The logarithm of total assets (LNTA) has a mean (median) of 15.63 (15.52). The mean (median) value of the square root of employees (EMPLOYEES) is 2.96 (2.65). This means that an average firm has about nine employees. Almost 22% of the private firms experience losses (LOSS) and only 2.6% have negative equity (NEG_EQUITY). The firms have in general quite high leverage (LEV) with mean (median) of 0.59 (0.60).
Table 3 presents the Pearson correlation matrix of the variables. The table shows a significantly positive correlation between TOP6 and the test variables. Most of the other variables are also significantly correlated. However, unreported variance inflation factors (VIFs) do not indicate any multicollinearity problems. Specifically, no VIF is above 1.83 and mean VIF is 1.33.
Correlation Matrix.
Note. The sample includes 177,209 firm-year observations. Numbers in parentheses are the significance level of the correlation coefficient. Variable definitions are presented in the appendix.
Test of Hypotheses
The Impact of Board’ Outside Directorships on Auditor Choice
The results of the analyses that measure the demand for higher quality auditing by board members with multiple directorships are reported in Table 4. The results in Columns (1) and (2) show that the coefficients on the two variables that capture board expertise, AVER_DIR and TOT_DIR, are positive and significant (p < .001).

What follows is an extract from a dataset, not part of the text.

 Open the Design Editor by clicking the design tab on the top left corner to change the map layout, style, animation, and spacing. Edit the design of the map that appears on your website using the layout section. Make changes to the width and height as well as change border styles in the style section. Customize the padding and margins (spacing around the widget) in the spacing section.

This is consistent with the prediction in H1 that higher percentage of outside directorships requires greater protection of directors’ reputational capital, resulting in the choice of higher quality auditors.

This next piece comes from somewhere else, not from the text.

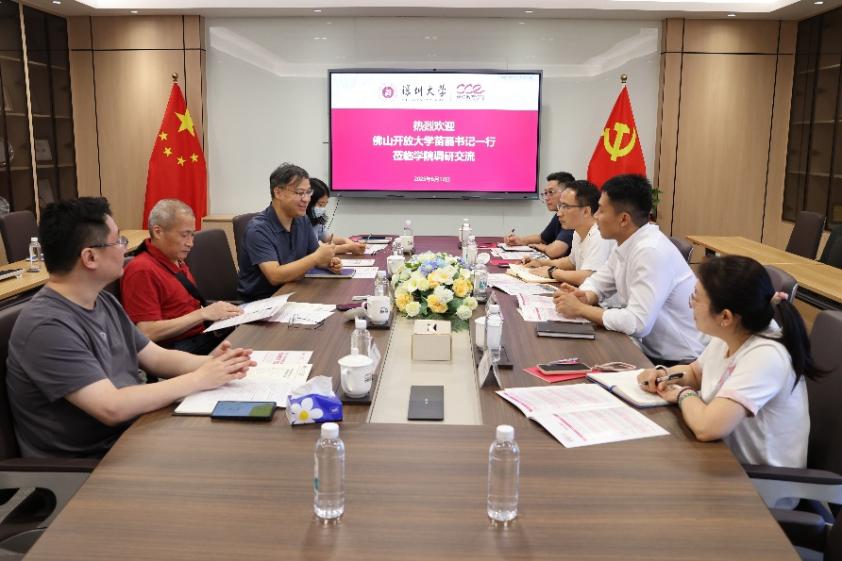 6月12日,佛山开放大学党委书记苗磊一行莅临深圳大学继续教育学院调研交流。深圳大学继续教育学院党总支书记张革华、副院长王楠及相关部门负责人等出席座谈,双方围绕新时代继续教育高质量发展展开深入探讨。

Regression Results of Boards’ Multiple Directorships, Board Network and Audit Quality.
Note. The regressions are performed by the Logit model, and z-statistics in parentheses are calculated from the Huber–White sandwich heteroscedastic consistent errors, which are also corrected for correlation across observations for a given firm. Variable definitions are specified in the appendix.
, **, *** denote significance at the 10%, 5%, and 1% levels, respectively.

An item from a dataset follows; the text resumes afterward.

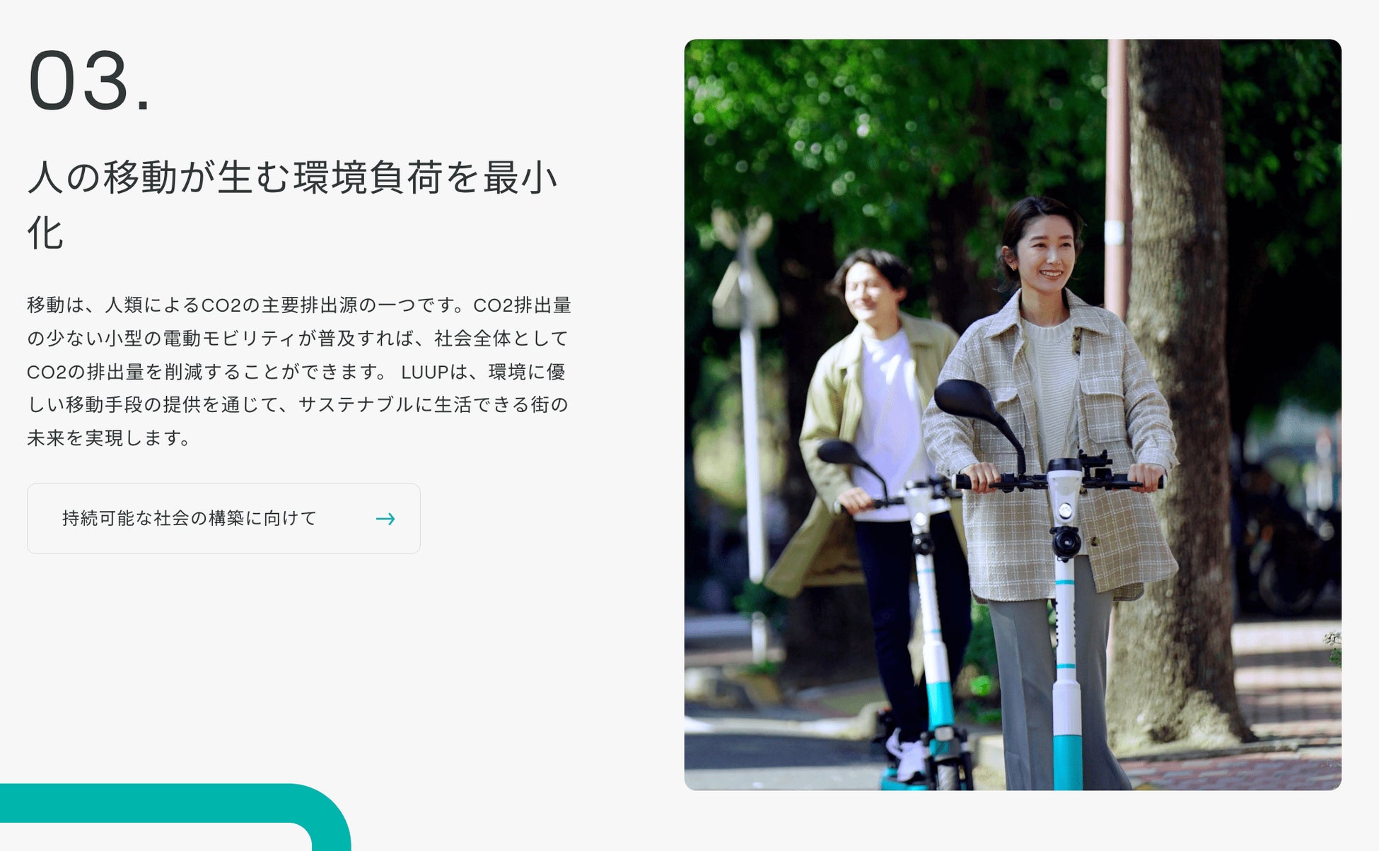 また、LUUPが取り扱う電動・小型・一人乗りのモビリティは、環境負荷の小さい移動手段として世界で普及が進んでいます。具体的な二酸化炭素排出量削減の試算等も含めて、持続的な社会の構築のためにLuupができることを改めて言語化し、掲載しました。

The Effects of Board Network on Auditor Choice
Table 4, Column (3) illustrates the result of H2. The result provides strong evidence (p < .001) that board networks matter in auditor choice. The results show that among firms that have board members with outside directorships, the probability to choose a Top 6 auditor increases considerably if at least one firm in the board members’ networks is audited by a Top 6 auditor.
Reputational Capital Value and the Demand for Audit Quality
The results of the analyses of the effects of multiple directorships in different company categories are reported in Table 5, Columns (1) to (4). Columns (2) and (3) show that the coefficient of the interaction terms SMALL*AVER_DIR and MEDIUM*AVER_DIR has a negative sign and is significant (p < .01). The interaction term MICRO*AVER_DIR (Column [1]) has a negative sign but is not significant. The result reported in Column (4) show that the interaction term LARGE*AVER_DIR is positively and significantly (p < .05) associated with TOP6, indicating that a higher fraction of the directors serving in larger firms or listed firms is positively associated with the demand for higher audit quality. The results in Table 5, therefore, are consistent with the notion that greater reputational capital needs a higher degree of protection and provide support for H3.
Regression Results of Reputational Capital Value and Audit Quality.
Note. The regressions are performed by the Logit model, and z-statistics in parentheses are calculated from the Huber–White sandwich heteroscedastic consistent errors, which are also corrected for correlation across observations for a given firm. Variable definitions are specified in the appendix.
, **, *** denote significance at the 10%, 5%, and 1% levels, respectively.
Additional Analyses and Sensitivity Tests
Financial Reporting Quality and Financial Position
Abnormal Accruals
As the next step of the analysis, I examine whether directors sitting in multiple firms are associated with higher financial reporting quality. Directors with outside directorships are willing to perform well in each organization to maintain the high value of their reputational capital. However, greater workload of such directors may prevent them from devoting sufficient time to their duties in each firm. Therefore, it is an open question how the quality of financial information is associated with multiple directorships in private firms.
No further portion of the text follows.